I would go ahead and change them if they have 30,000+ miles...BUT...if you are easy on the clutch and are strapped for cash, reuse the plates. but check to insure that the steel plates are not stressed from heat or warped. If they are, change both the drive plates and the fiber clutch plates. I prefer stock plates over aftermarket...seem to have a better feel.
Simon Waters said:
12) Would you also replace the thrust washer as standard routine procedure?
Only if there were signs of wear.
Simon Waters said:
13) When reinstalling the clutch hub, the service manual notes to "check that the rubber damper plug is in position behind the clutch hub". What is this "rubber damper plug"? Does it get worn by use and should it be replaced as standard procedure? I can find no picture showing this part in the manual or on the parts diagrams.
It is a small rubber plug that helps dampen clutch engagement. I have never replaced one.
Simon Waters said:
14) Should one use a new tongued/tabbed lock washer when reinstalling the clutch hub and nut?
YES
Simon Waters said:
15) I understand that new friction plates should be left to soak in clean engine oil for a period of time before installing. For what period of time should this be done?
I do it over night.
Simon Waters said:
16) I know that the metal and friction plates have to reinstalled in a particular order. Is there any orientation of the individual plates that should be used? I assume that it is a good idea to keep the original "pack" of plates together as a "go by".
No real orientation…do just as you were thinking.
Simon Waters said:
17) I note that the clutch spring bolts should be tightened diagonally, and by degrees, to a fairly low torque level (8.0 – 9.5 lb-ft for my bike). I assume a standard, large torque wrench (17" length. 150lb-ft limit) is too big/inaccurate for this task. Would you recommend getting a smaller torque wrench for this task? Where is a good place to get one and what do they typically cost? I am concerned about this because I assume that even torque on all 4 bolts is important and I am also aware that some members have stripped these bolts or the plate (no names!).
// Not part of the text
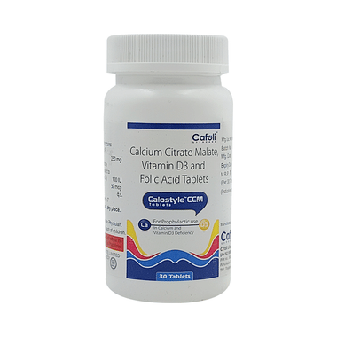 Calostyle CCM Tablet helps keep bones and teeth strong. It is used to prevent or treat calcium and vitamin D deficiencies. It also supports a healthy pregnancy, breastfeeding, and proper growth in children. This supplement provides important nutrients like calcium for strong bones, vitamin D3 to help the body absorb calcium, and folic acid to support healthy blood and cell function.

Get a torque wrench that measures in inch-pounds. Multiply the ft-lbs by 12 to get in-lbs. You do not want to be in the upper or lower 20% of the scale of the torque wrench if you can help it. “Ahem”….I did not strip the bolts….Actually, you bring up a good point. The bolts on my bike were fatigued from years of use. I have heavy clutch springs also so I am sure that helped accelerated the fatigue of the bolts.
Simon Waters said:
18 ) I assume that a new gasket is usually necessary when replacing the clutch cover. I can't find a part number for this gasket on BikeBandit. Would BikeBandit or Ron Ayers normally carry them, or is this a "dealer only" item?
They will have them or can order them.
Simon Waters said:
19) My manual also specifies using "Suzuki Bond No. 1207B" on part of the cover mating surface. I assume this is a gasket cement/compound. Does anyone have a brand of compound they prefer, and where can you usually buy it.
Perma-Tex or Yamaha-Bond (I believe that is what they call it) will both work.
Simon Waters said:
20) Are there any items or "gotcha's" that I have missed, and need a warning here?
Clean work area, clean rags, and go slow.
Simon Waters said:
21) Finally, how long might the whole clutch servicing job take? Given my painstaking methods, I shall probably multiply any answer by at least 2 or 3!
It takes me an hour to do a clutch job…the first time it took me about 4 hours.